---------- Given information

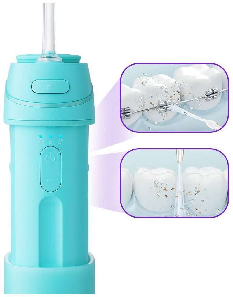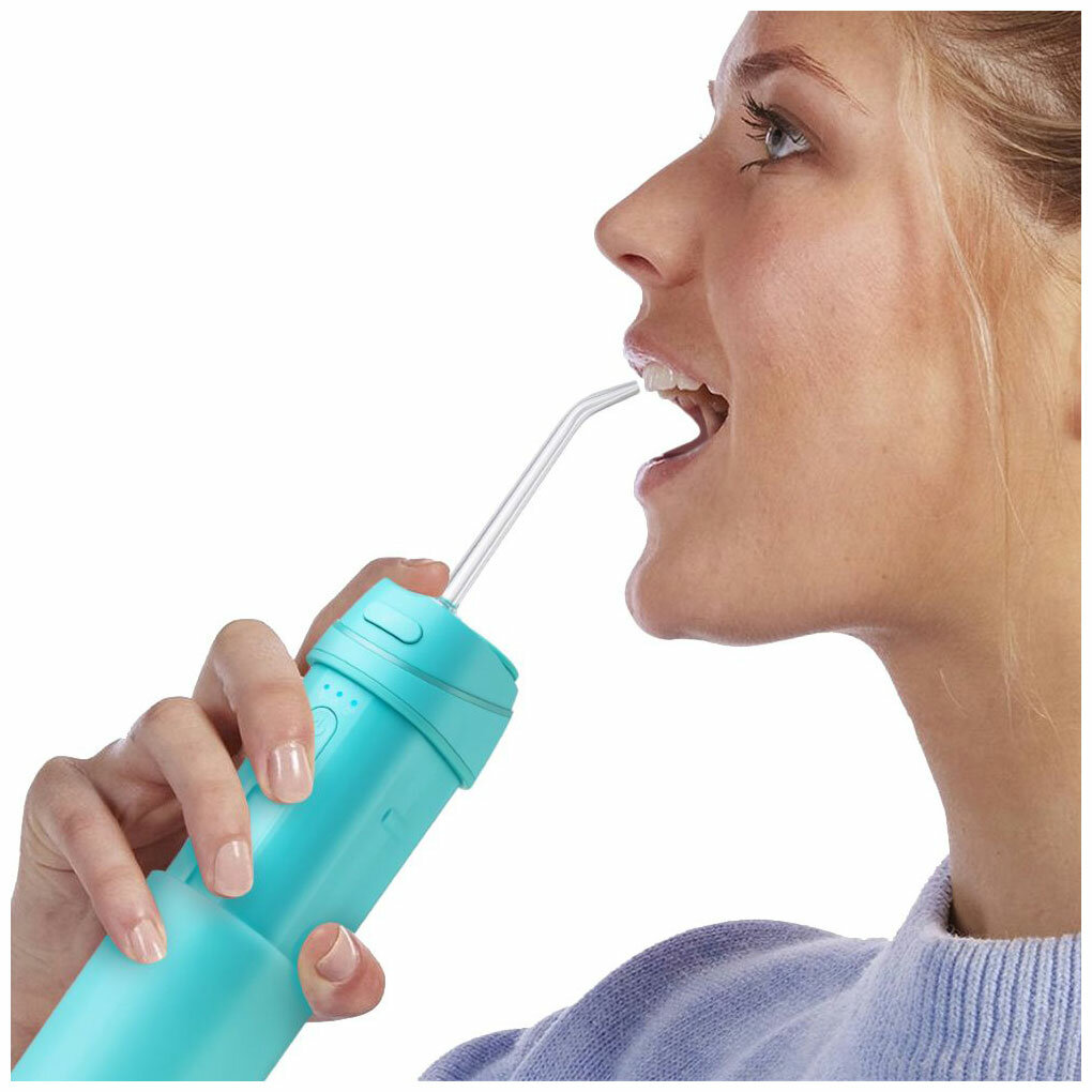 Портативный ирригатор для полости рта, 4 насадки, резервуар 200 мл, бирюзовый/оранжевый
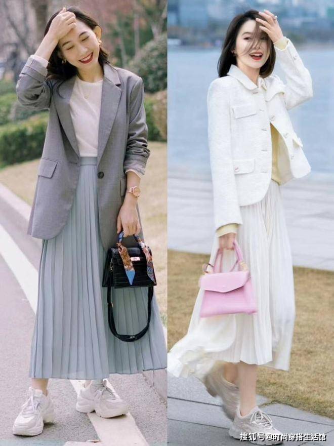 那么为了保险起见的话,我们可以选择同色搭配,比如像是上衣和下装同色,或者是裙子和外套相同不仅能够凸显出整个造型的高级感,同时还能延长下半身的比例感。
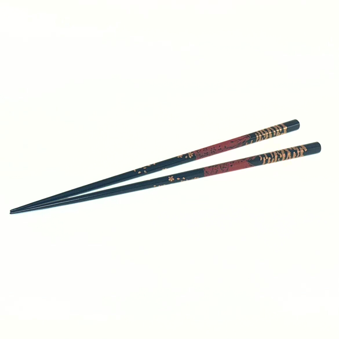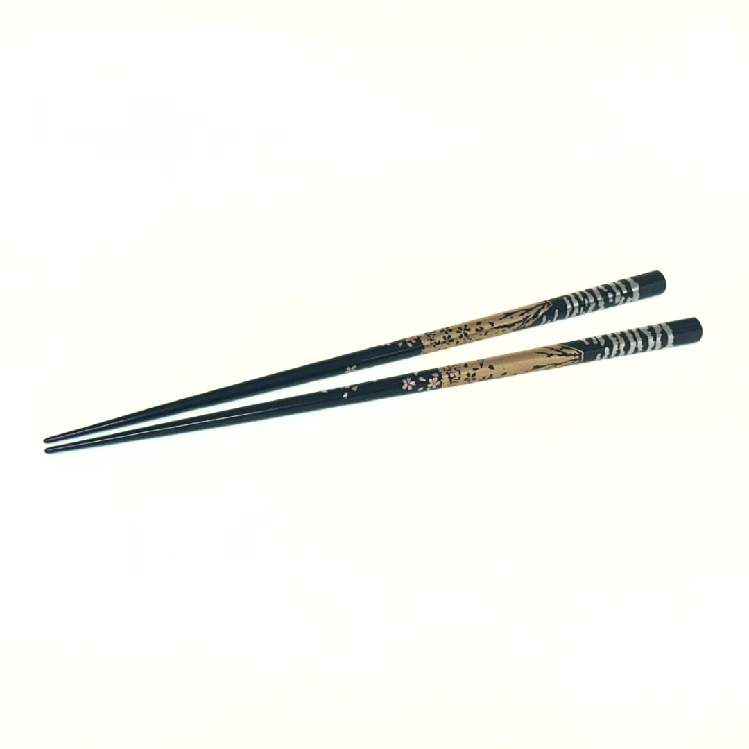 日本の象徴「富士山」と「桜」を優雅に描いた、木製漆塗りのお箸セットです。

--------------------

What needs to be done
Print the listing again exactly, please. Keep the pictures out of it.

Final answer
 Портативный ирригатор для полости рта, 4 насадки, резервуар 200 мл, бирюзовый/оранжевый
 那么为了保险起见的话,我们可以选择同色搭配,比如像是上衣和下装同色,或者是裙子和外套相同不仅能够凸显出整个造型的高级感,同时还能延长下半身的比例感。
 日本の象徴「富士山」と「桜」を優雅に描いた、木製漆塗りのお箸セットです。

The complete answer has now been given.